(Source records)
# # # #
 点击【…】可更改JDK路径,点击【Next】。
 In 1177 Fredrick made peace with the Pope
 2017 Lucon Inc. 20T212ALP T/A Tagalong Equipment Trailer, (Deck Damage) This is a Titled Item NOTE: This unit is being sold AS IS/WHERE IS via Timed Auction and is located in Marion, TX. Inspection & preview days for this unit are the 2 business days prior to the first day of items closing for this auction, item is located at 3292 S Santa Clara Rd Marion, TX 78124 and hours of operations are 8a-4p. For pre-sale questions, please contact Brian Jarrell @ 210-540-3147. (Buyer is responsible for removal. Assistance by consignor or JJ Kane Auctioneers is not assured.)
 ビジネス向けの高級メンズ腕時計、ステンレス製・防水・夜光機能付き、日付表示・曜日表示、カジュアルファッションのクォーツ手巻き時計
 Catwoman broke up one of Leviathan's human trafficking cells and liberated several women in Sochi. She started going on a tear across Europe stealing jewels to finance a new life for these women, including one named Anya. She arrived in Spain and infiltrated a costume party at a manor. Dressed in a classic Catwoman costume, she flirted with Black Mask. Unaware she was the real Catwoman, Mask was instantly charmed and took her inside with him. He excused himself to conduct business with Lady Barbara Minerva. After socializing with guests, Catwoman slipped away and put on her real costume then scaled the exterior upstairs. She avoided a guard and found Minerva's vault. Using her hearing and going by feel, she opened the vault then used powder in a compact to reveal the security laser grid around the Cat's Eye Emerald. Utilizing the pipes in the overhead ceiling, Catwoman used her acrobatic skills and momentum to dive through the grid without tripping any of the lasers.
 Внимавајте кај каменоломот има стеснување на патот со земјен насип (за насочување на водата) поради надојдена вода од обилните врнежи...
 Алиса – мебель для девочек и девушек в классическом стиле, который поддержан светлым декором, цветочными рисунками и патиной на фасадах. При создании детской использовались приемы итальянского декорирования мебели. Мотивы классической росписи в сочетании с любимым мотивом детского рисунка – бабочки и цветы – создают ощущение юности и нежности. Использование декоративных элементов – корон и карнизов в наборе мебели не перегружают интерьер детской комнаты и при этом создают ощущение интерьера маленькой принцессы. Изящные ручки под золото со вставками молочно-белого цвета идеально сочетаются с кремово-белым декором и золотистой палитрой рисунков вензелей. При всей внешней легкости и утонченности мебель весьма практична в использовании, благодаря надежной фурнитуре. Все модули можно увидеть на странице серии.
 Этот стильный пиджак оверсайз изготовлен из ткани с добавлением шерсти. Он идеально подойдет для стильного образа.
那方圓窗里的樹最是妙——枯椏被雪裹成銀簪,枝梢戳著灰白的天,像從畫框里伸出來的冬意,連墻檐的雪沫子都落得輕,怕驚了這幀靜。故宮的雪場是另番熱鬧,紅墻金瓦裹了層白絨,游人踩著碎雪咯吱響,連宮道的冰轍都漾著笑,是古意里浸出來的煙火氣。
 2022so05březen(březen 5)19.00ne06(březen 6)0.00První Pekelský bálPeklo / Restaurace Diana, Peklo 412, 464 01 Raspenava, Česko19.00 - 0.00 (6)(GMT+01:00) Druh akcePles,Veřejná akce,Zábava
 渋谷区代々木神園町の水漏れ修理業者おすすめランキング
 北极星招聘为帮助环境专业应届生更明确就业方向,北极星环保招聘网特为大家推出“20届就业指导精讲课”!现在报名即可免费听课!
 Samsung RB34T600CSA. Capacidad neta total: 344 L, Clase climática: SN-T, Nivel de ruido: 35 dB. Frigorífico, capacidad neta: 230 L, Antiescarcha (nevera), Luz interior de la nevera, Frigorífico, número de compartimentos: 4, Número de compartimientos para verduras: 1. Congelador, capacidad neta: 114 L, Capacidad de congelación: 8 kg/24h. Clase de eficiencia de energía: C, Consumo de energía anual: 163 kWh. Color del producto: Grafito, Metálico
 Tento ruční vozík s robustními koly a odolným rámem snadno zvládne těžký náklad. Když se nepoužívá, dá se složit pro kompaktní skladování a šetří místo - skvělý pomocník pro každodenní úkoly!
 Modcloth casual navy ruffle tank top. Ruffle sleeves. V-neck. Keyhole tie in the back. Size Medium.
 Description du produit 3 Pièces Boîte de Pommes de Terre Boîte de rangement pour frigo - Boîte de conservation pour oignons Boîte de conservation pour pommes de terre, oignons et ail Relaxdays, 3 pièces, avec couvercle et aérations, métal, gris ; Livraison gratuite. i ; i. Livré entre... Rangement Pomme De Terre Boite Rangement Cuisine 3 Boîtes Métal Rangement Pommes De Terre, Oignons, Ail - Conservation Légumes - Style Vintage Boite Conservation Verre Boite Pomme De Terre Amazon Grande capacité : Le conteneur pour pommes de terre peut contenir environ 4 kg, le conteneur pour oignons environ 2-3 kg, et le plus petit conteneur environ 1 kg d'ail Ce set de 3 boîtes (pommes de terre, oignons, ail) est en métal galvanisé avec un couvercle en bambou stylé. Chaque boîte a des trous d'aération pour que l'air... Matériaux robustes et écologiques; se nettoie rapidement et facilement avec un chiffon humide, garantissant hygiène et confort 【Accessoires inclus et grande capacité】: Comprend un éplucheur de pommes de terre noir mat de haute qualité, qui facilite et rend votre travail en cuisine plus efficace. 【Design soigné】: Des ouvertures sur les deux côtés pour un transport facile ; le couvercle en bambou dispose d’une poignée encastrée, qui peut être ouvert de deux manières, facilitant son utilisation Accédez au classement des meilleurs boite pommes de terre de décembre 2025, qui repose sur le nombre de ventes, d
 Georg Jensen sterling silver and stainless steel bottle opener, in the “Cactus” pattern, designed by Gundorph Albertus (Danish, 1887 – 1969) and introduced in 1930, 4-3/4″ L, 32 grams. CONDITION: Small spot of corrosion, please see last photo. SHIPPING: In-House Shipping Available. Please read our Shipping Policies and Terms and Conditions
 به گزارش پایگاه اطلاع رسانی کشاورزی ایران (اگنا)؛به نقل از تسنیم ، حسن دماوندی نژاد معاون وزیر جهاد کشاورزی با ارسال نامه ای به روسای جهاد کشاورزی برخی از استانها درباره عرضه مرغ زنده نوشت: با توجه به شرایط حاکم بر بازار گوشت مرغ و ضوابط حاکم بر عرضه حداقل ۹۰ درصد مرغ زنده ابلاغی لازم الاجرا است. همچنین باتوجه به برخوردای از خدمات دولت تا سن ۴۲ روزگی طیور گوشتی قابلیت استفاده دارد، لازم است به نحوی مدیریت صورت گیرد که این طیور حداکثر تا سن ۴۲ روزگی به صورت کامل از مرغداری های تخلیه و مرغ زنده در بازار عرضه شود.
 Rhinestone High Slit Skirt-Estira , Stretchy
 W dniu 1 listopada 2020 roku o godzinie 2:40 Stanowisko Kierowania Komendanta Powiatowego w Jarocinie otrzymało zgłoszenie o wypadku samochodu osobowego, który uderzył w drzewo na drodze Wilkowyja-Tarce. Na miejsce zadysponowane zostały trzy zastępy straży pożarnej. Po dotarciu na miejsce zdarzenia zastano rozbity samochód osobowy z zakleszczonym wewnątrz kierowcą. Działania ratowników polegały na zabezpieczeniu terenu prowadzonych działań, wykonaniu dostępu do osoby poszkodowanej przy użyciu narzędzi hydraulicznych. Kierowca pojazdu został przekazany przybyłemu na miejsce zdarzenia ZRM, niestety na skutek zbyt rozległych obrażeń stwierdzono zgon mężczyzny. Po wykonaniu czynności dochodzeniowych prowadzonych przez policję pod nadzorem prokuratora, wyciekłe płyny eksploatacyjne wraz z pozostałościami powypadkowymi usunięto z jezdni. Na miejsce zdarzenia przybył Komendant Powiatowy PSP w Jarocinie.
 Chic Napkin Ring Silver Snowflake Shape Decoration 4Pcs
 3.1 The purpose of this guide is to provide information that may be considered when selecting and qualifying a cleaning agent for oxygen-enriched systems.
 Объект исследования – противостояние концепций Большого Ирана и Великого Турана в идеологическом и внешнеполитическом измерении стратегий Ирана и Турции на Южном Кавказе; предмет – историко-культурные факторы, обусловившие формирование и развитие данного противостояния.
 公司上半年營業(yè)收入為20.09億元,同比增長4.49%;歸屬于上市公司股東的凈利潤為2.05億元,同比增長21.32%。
# # # #
What you need to do: Work out the number of lines above that include the string "business" and write only that number.

The answer: 2